The Ryugyong Hotel has become a symbol of North Korea's economic problems

The 105-storey hotel which dominates the skyline of the North Korean capital, Pyongyang, may open next year, 26 years after construction began.

The pyramid-shaped building has become known as the "Hotel of Doom".

The chief executive of the Kempinski group, which will manage the Ryugyong hotel, said only 150 rooms on the top floors would be used as a hotel.

Reto Wittwer said shops, restaurants and offices would eventually open on the lower levels.

Construction on the building began in 1987.

It is the 47th tallest building in the world, at 330m (1,100ft), and has the fifth greatest number of floors, 105.

Abandoned

It was scheduled to be completed in 1989 in time for the 13th World Festival of Youth and Students.

But construction was abandoned in 1992 when North Korea suffered an economic crisis.

Its hulking, unfinished presence has long been an embarrassment for the North Korean leadership, analysts say.

It was voted "Worst Building in the History of Mankind" by Esquire magazine in 2008.

The American publication called it "hideously ugly, even by communist standards."

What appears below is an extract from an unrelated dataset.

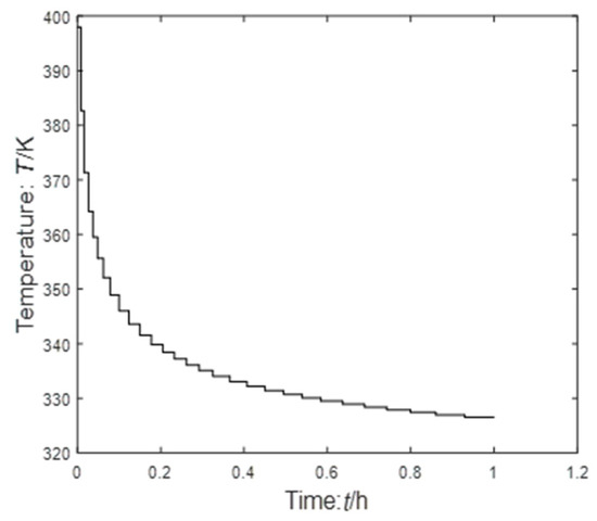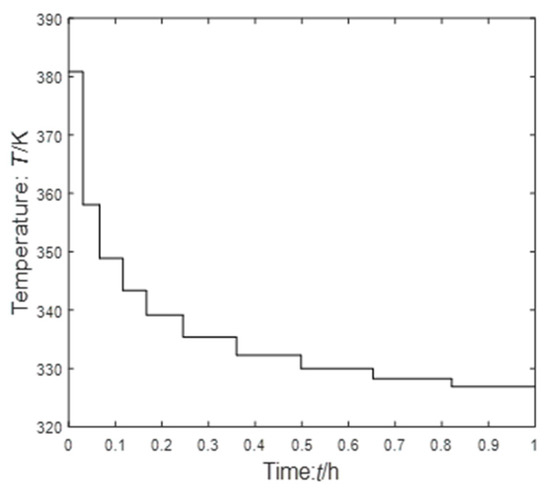 Analysis of the experimental results of Case 1: Table 2 presents results obtained by our ISOA and other methods. The “–” in Table 3 means that the reference did not provide a value. Shi et al. [14] used the PSO-CVP optimization strategy to find the optimal value of 0.6105359. Rajesh et al. [22] used the ant colony structure optimization (ACSO) to obtain the value of 0.61045. Zhang et al. [23] used an iterative ant-colony algorithm (IACA) to obtain values of 0.61 ( = 10) and 0.6104 ( = 20). Logsdon et al. [24] used SQP to obtain the value of 0.610775 ( = 80), which is the best value reported. Renfro et al. [25] used OC to obtain the value of 0.6100. Zhou et al. [26] used a control parameterized particle swarm optimization (CP-PSO) method to obtain the value of 0.6107847, and proposed a control parameterized adaptive particle swarm optimization (CP-APSO) to obtain the value of 0.6107850. Liu et al. [27] proposed improved knowledge-based cultural algorithm (IKBCA) to obtain values of 0.6101 ( = 10), 0.610454 ( = 20) and 0.610779–0.610787 ( = 100). Sun et al. [28] applied hybrid improved genetic algorithm (HIGA) to obtain values of 0.61007 ( = 10), 0.61046 ( = 20). Peng et al. [29] proposed an improved knowledge evolution algorithm (IKEA) to get values of 0.6101 ( = 10), 0.610426 ( = 20), and 0.610781–0.610789 ( = 100), and applied genetic algorithm (GA) to obtain a value of 0.61072. Dadebo et al. [30] used IDP to obtain a value of 0.610775 ( = 80). In this paper, the optimal value of using equal division method is 0.61059223 ( = 30), and the optimal value of unequal division method is 0.610794203 ( = 30). In terms of method execution efficiency, the solution speed of ISOA combined with the equal division method is 272 s, but the solution speed of ISOA combined with the unequal division method is 118 s, and the solution efficiency of the latter is higher. Figure 2, Figure 3 and Figure 4 are the optimal temperature control sequences. Figure 5 is the optimal trajectory of state variables.

There are reports of poor construction and the use of inferior materials.

Image source, AP
Image caption,

Work on the hotel was abandoned for 16 years

A delegation from the European Union Chamber of Commerce in Korea, which inspected the building almost 15 years ago, concluded it was beyond repair and its lift shafts crooked.

But in 2008 an Egyptian company, Orascom Telecom, which operates a mobile phone network in North Korea, began equipping the building.

'Multi-storey carpark'

It is reported to have spent $180m (£112m) on finishing the hotel's facade.

Mr Wittwer said the hotel will "partially, probably" open for business next year.

But original plans for 3,000 hotel rooms and three revolving restaurants have been greatly scaled back.

Earlier this year, the Beijing-based company, Koryo Tours, which organises trips to North Korea, was granted a rare glimpse inside the hotel.

Photos taken by the company showed a vast glass-covered lobby and atrium with tiers of bare concrete at its base, resembling a multi-storey car park.